Physiological functions describing intestinal physiology, input functions from the stomach, and gall bladder emptying. Functions are shown for (A) intestinal velocity, $\text{vel}(x)$, (B) intestinal effective diffusion, $\text{dif}(x)$, (C) intestinal cross-sectional area, $a_1(x)$, (D) lumenal surface area, $sa(x)$, (E) microvilli expansion factor, $\text{mf}(x)$, (F) intestinal pH, $\text{pH}(x)$, (G) intestinal GUS expression function, $\text{clgus}(x)$, (H) input function from fasted stomach, (I) input function from fed stomach, (J) gall bladder emptying distance function, $\text{clgo}(x)$, and (K) post-prandial gall bladder output, $\text{clgo}2(t)$.

Figure 3.

Schematic for the PDE-EHR model. Compartments (except stomach) have a length of $x=8\mathrm{m}$. Bidirectional diffusion with thicker arrows denoting fast diffusion: green arrows; velocity terms (either a physiological, $\text{vel}(x)$ for the intestinal lumen compartments, or an artificial): blue arrows; intercompartmental clearances (modeled along the length): gray arrows; secretion from the gall bladder into the duodenum lumen, and deglucuronidated parent (via GUS) colonic absorption: orange arrows. Compartmental concentrations are defined in eqs 22-34 in the Experimental Section.

Figure 4.

Predictions of $C-t$ profiles upon a solution dose with and without enterohepatic recirculation. (A) Observed $C-t$ data set (blue circles) and predicted $C-t$ profile (PO 45 mg NAL solution dose, Study 1) without recirculation (magenta), with only parent recirculation (green), and with recirculation of both parent and glucuronide (green). (B–D) Predicted intestinal lumen parent concentration-distance-time profile $\mathrm{C}1(x,t)$ of NAL (B) without any parent or glucuronide recirculation, (C) with parent recirculation only, and (D) with both parent and glucuronide recirculation.

Figure 5.

Prediction of $C-t$ profiles for IV/PO crossover studies with PO solution dosing to fasted subjects.

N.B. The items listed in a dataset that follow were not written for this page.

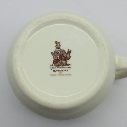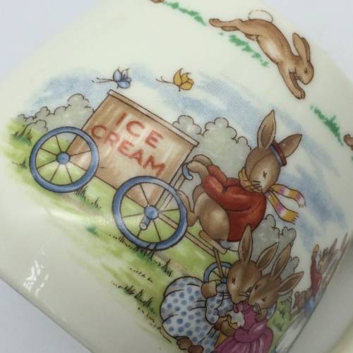 This lovely, single handled Bunnykins, bone china mug, was manufactured by Royal Doulton, as part of their Nursery ware range. It features a bunny handing out ice-creams and is in perfect condition.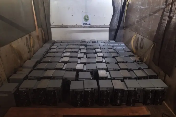 Uma ação conjunta do BPFron (Batalhão de Polícia de Fronteira), Polícia Federal e FICCO (Força Integrada de Combate ao Crime Organizado) resultou na apreensão de 115 máquinas de criptomoedas em Umuarama. A ação aconteceu nesta quinta-feira (13) e as máquinas estavam em uma carreta.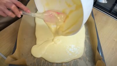 Těsto rozprostřete na plech, pokrytý pečicím papírem a pečte ho v předehřáté troubě na 180 °C po dobu 10–15 minut. Upečený korpus zabalte do čisté utěrky a nechte ho vychladnout.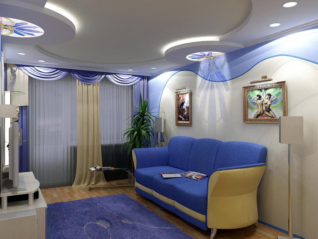 В гостиной интересно смотрятся многоуровневые натяжные потолки интересной формы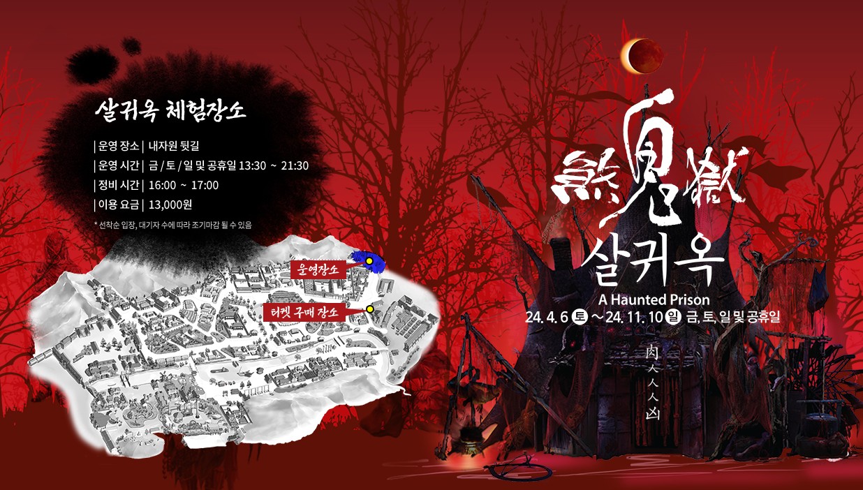 살귀옥은 한국민속촌의 특별한 행사로, 야경과 함께 즐길 수 있는 다양한 프로그램이 마련되어 있습니다.

IV data for (A) Study 1, (B) Aitkenhead et al., and (C) Lo et al. Mean IV data (filled circles), compartmental model-predicted profile (solid line). (D) PO data for Study 1, (E) Aitkenhead et al., and (F) Lo et al. Mean PO observed data ± SD (shaded band). Model-predicted $C-t$ profile (solid black line). Standard errors for PO predictions are listed.

Figure 6.

Prediction of $C-t$ profiles for fasted versus fed studies upon solution or ER tablet dosing, Study 2. Mean observed data are depicted by blue circles with the ± SD depicted by the shaded band. Model-predicted $C-t$ profiles are depicted by the solid black line. IV data from Study 1 were used for parametrization. Standard errors for each prediction are listed. (A) 60 mg fasted solution, (B) 60 mg fed solution, (C) 120 mg fasted ER tablet, and (D) 120 mg fed ER tablet.

Figure 7.

Prediction of $C-t$ profiles for PO ER tablet dosing studies, Study 3. Mean observed data are depicted by blue circles with ± SD depicted by the shaded band. Model-predicted $C-t$ profile is depicted by the solid black line. IV data from Study 1 were used for parametrization. Standard errors for each prediction are listed. (A) 30 mg, (B) 60 mg, (C) 120 mg, and (D) 180 mg.

Figure 8.

Predicting impact of intestinal P-gp on absorption of NAL. Mean observed data for Study 3 180 mg dose are depicted by blue circles with ± SD depicted by the shaded band. 0.5–2.5× P-gp activity was modeled as described under Methods. (A) Model-predicted $C-t$ profiles are depicted by solid lines as follows: black, no P-gp; green, −0.5× P-gp; blue, −1× P-gp; and purple, 2.5× P-gp. (B) Predicted AUCs for each profile and the % AUC relative to no P-gp.